Islamist Militants Kill 31 More In Northeast Nigeria

Original source

Reuters

Islamist insurgents have killed at least 31 people in a village in northeast Nigeria, a lawmaker said on Monday, taking the death toll from three days of attacks to 116 as soldiers struggle to contain raging violence.

Insurgents have killed more than 400 people in just over a month, security sources say, making it one of the deadliest periods in the Islamist sect Boko Haram's insurgency, which began with an uprising in Borno state in 2009.

Gunmen stormed Mafa village in Borno, around 50 km (30 miles) east of the state capital Maiduguri, at around 8 p.m. on Sunday, shooting fleeing civilians and throwing explosives at occupied houses, witness Auwalu Gunda said.

State senator Ahmed Zannah said 29 civilians died in the raid and two policemen were killed in a bomb blast on Monday while they were trying to remove bodies and question survivors about the initial attack.

Twin bomb blasts in Maiduguri killed at least 46 people on Saturday evening while, around 50 km away, dozens of gunmen were razing a farming village, shooting dead another 39, as Boko Haram increasingly focuses on the civilian population.

President Goodluck Jonathan launched an intensified military campaign almost a year ago to crush Boko Haram but the bloodshed has since escalated, albeit with violence largely contained in the sect's northeast stronghold.

Zannah said the military had abandoned their posts in Mafa, along with most of the women and children in the village, after the insurgents sent prior warning of the attack.

"All the soldiers in Mafa fled before the attack, maybe because they could not stand the superior weapons of the Boko Haram," Zannah told journalists, saying this was a common complaint aimed at soldiers by victims of attacks.

The military did not respond to requests for comment but has previously denied soldiers flee from combat.

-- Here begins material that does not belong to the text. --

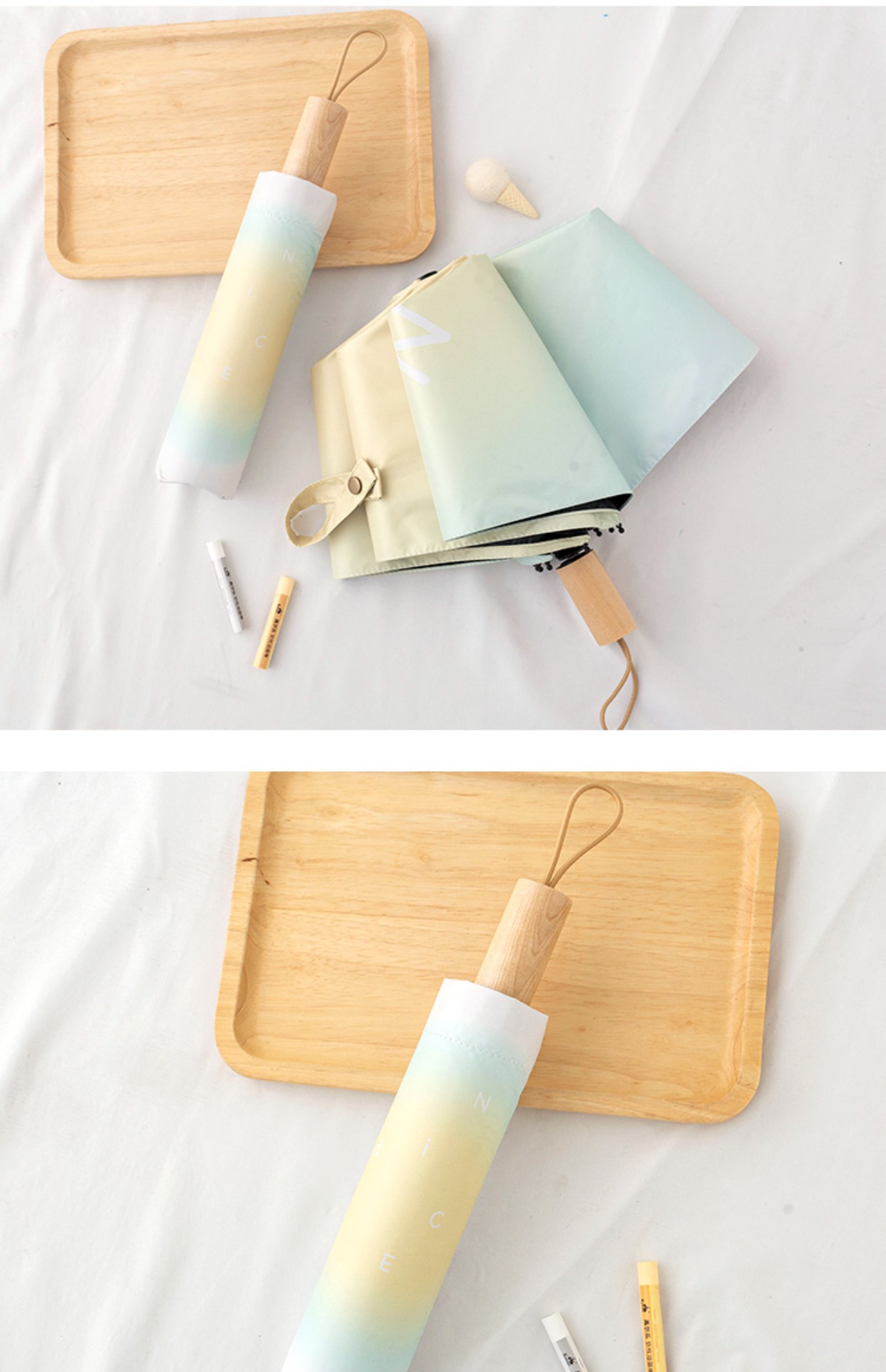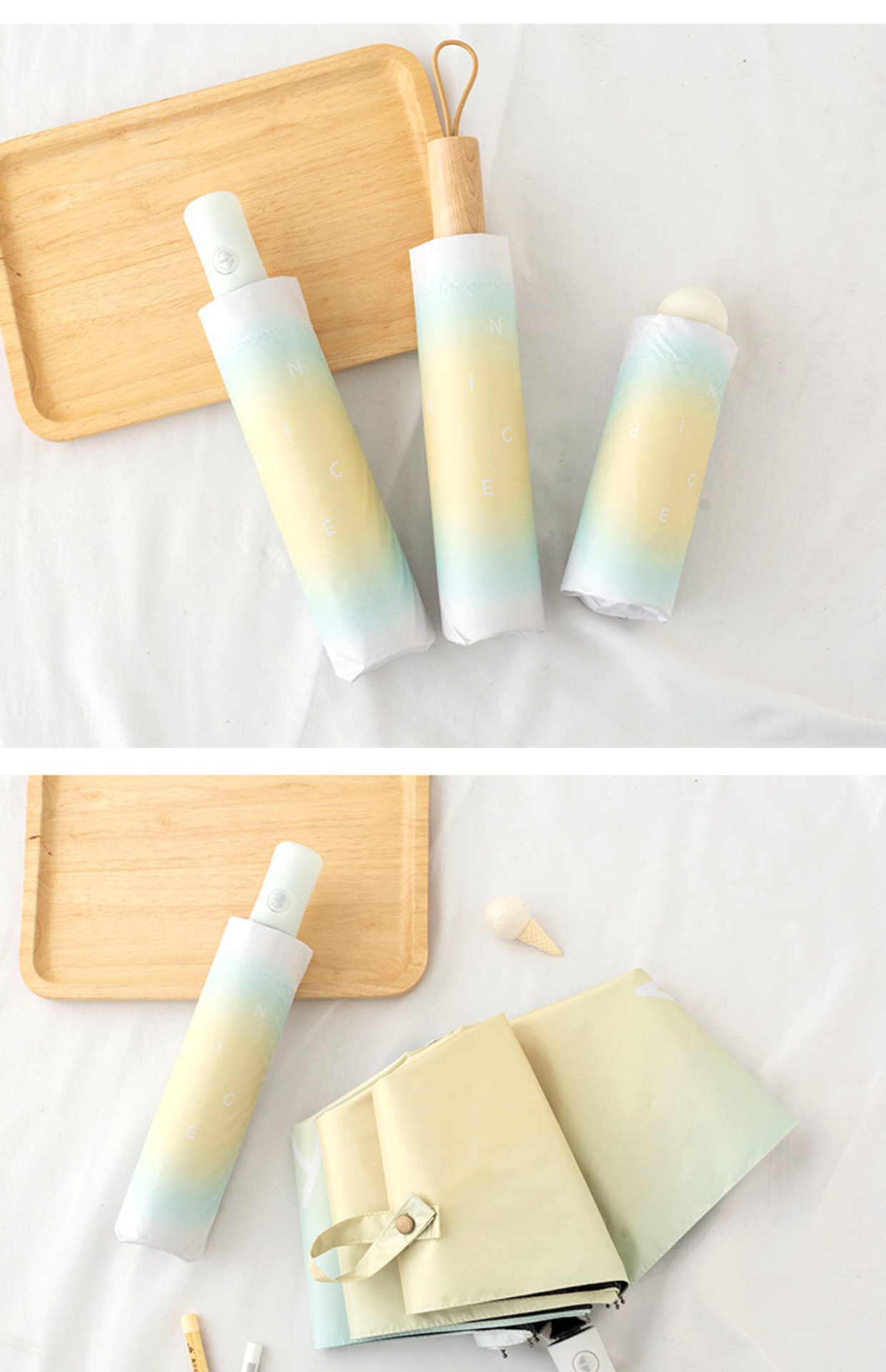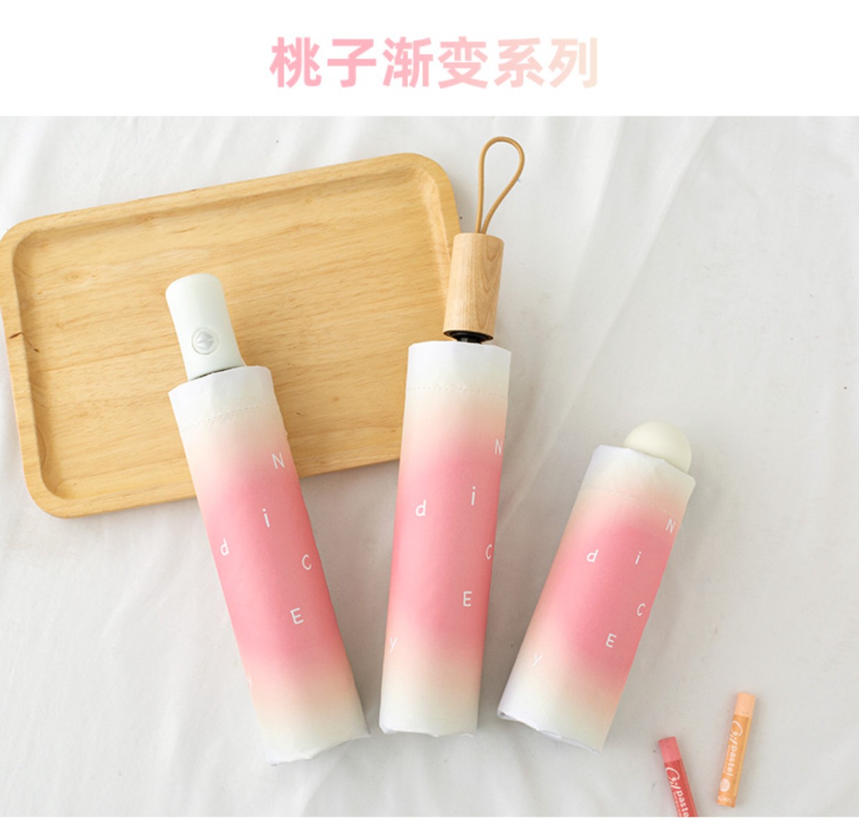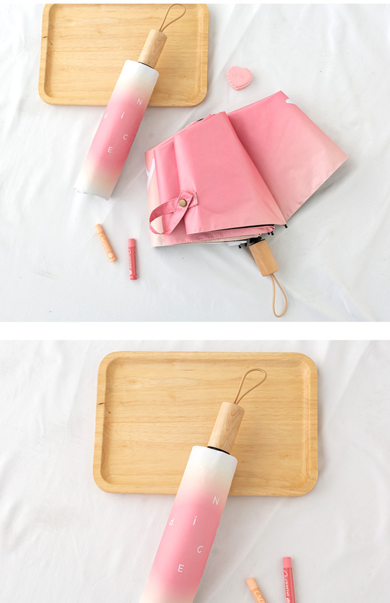 그라디언트 고급 써니 우산 이중 목적 블랙 고무 태양 보호 UV 보호 햇살 우산 여성용 그라디언트 휴대용 접는 우산
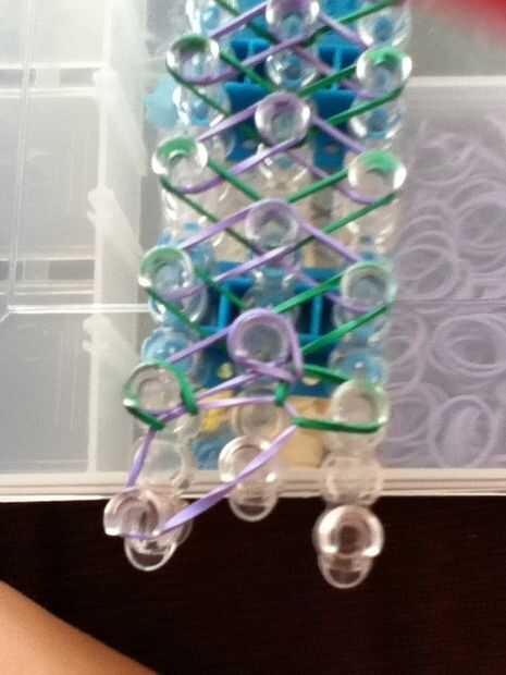 Paso 1: fuentes de Necesita un kit de inicio para el telar del arco iris y algunas elásticas.Paso 2: Colocar las bandas Iniciar colocando un color de borde y no empezar a poner encima de todo lo que tienes que hacer en los patrones.Paso 3: Colocar la

Opponents of Christian southerner Jonathan are becoming increasingly critical of his failure to stem the violence in the majority Muslim north, where his main opponent in next year's presidential election will likely originate from.

Boko Haram has killed thousands in its attempt to create an Islamic state in a religiously mixed country of 170 million people. It is the biggest security threat in Africa's top oil exporter and continent's second largest economy.

Western governments are concerned about groups such as Boko Haram linking up with al Qaeda-linked cells in other countries in the Sahel region, such as Mali, where France sent troops a year ago to oust Islamist militants who had seized control.